# What the task requires:
Everything in the listing that follows should be reproduced exactly except the pictures.

[Supplied material]

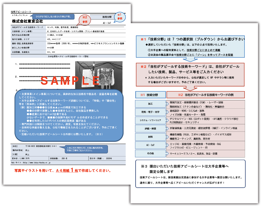 都内中小企業の優れた技術・製品を、オープンイノベーション志向の大手企業とマッチングするために「技術アピールシート」を活用しています。
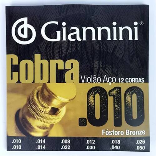 DESCRIÇÃO: As crodas GIANINI são produzidas com rigoroso controle de qualidade que assegura o tom, a durabilidade e consistência. Timbre claro e sensação confortável. Ideal para violonista iniciantes. Você merece estas cordas. ESPECIFICAÇÃO: Cordas com alma de aço Revestimento em fósforo bronze Calibres: (A) .010 .014 .008 .012 .018 .026 (B) .010 .014 .022 .030 .040 .050
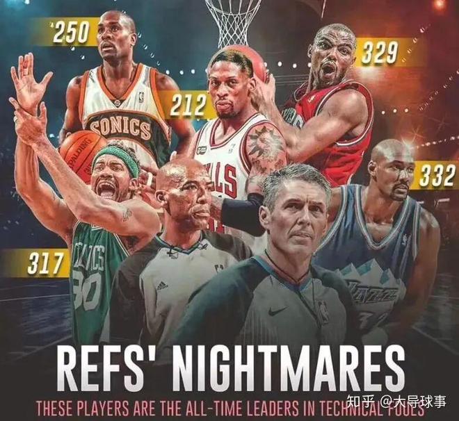 NBA历史上吃到技术犯规 最多的5大球星! 1.卡尔·马龙 332次 2.巴克利 329次 3.拉希德·华莱士 317次 4.加里·佩顿 250次 5.罗德曼 212次所以,但凡在技犯界闯出过赫赫声名的,基本也与名人堂差不了几步。只可惜随着联盟规则尺度的偏移,技犯一道的香火也逐渐势微。
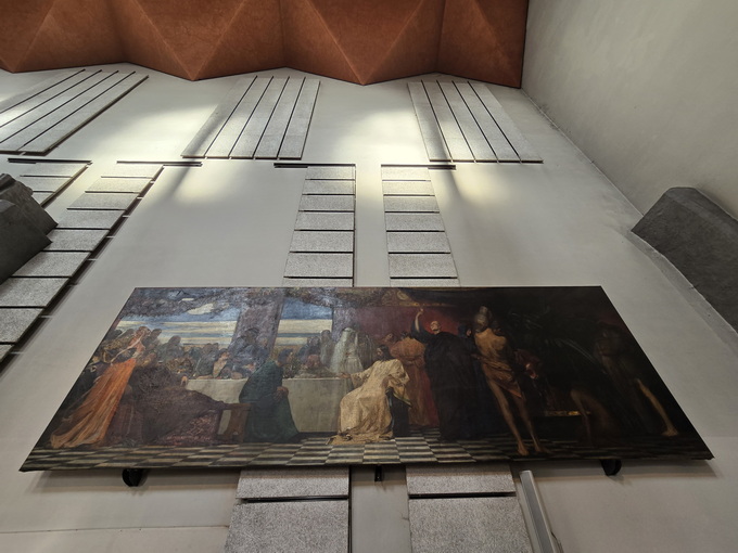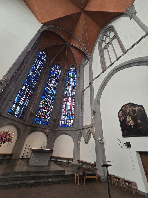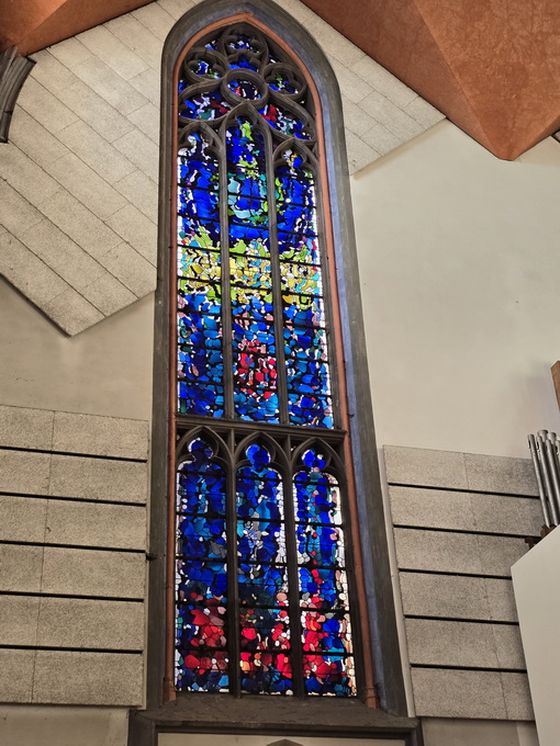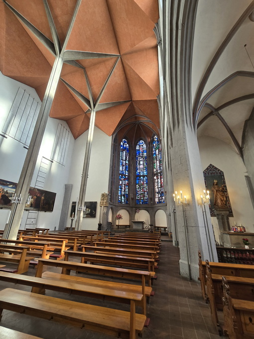 katholische Kirche mit gotischen und modernen Elementen.

[/Supplied material]

# Expected answer:
 都内中小企業の優れた技術・製品を、オープンイノベーション志向の大手企業とマッチングするために「技術アピールシート」を活用しています。
 DESCRIÇÃO: As crodas GIANINI são produzidas com rigoroso controle de qualidade que assegura o tom, a durabilidade e consistência. Timbre claro e sensação confortável. Ideal para violonista iniciantes. Você merece estas cordas. ESPECIFICAÇÃO: Cordas com alma de aço Revestimento em fósforo bronze Calibres: (A) .010 .014 .008 .012 .018 .026 (B) .010 .014 .022 .030 .040 .050
 NBA历史上吃到技术犯规 最多的5大球星! 1.卡尔·马龙 332次 2.巴克利 329次 3.拉希德·华莱士 317次 4.加里·佩顿 250次 5.罗德曼 212次所以,但凡在技犯界闯出过赫赫声名的,基本也与名人堂差不了几步。只可惜随着联盟规则尺度的偏移,技犯一道的香火也逐渐势微。
 katholische Kirche mit gotischen und modernen Elementen.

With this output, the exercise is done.